What an amazing weekend we just had. I wish we could duplicate and bottle it for many weekends to come. Friday night Eric had a soccer game. With the recent crazy weather we’ve been having, of course a monsoon hit 1/2 way between the game. But it was pretty fun. The boy was running around, screaming and playing while it poured. Unfortunately Eric’s team lost but it was fun. We came home and enjoyed the new patio set a neighbor gave us. The weather was beautiful. It drizzled on and off. The boy and the dogs were content to run through the mist while we all laughed and talked.

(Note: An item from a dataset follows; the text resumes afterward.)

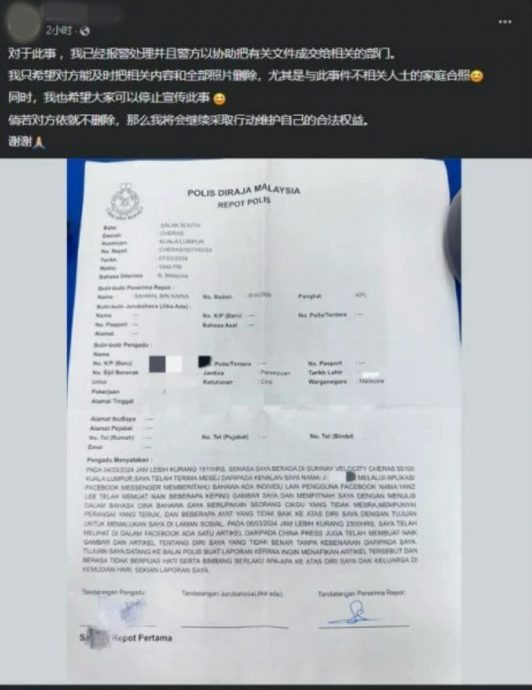 “倘若对方依旧不删除(帖文和照片),那么我会继续采取行动,维护自身的合法权益。”

Saturday morning is quickly becoming my new favorite ritual. A girlfriend and I grab Starbucks, catch up on the week, and then we go pick up our food co-op. It’s kind of like a local farmer’s market but you don’t pick what you get in your basket. It is always a ton of fruits and veggies so by splitting it, we aren’t overwhelmed with the quantity. It’s so nice to have scheduled girl time to look forward to as we continue on this crazy rollercoaster. After the girl time, it was family time. We had errands to run and a library to visit so we could all get new music. We had done a donation drive and collected blankets, pillows, and towels for a local animal shelter that didn’t have enough supplies. According to Eric, I am not allowed to go to the animal shelter by myself as I will adopt any/all dogs with a sob story so he insisted on going with me to drop everything off. This was probably a very smart choice on his part. Lucas and I wandered through all of the halls, oohing and aahing at the cute and heartbreaking dogs they had. I for sure would’ve adopted one. After that we were all starving so we went to Farmer Boy’s for lunch. Have you ever eaten there? All of their food has been delicious but their standout specialties are definitely zucchini sticks and their hand scooped shakes. Yum!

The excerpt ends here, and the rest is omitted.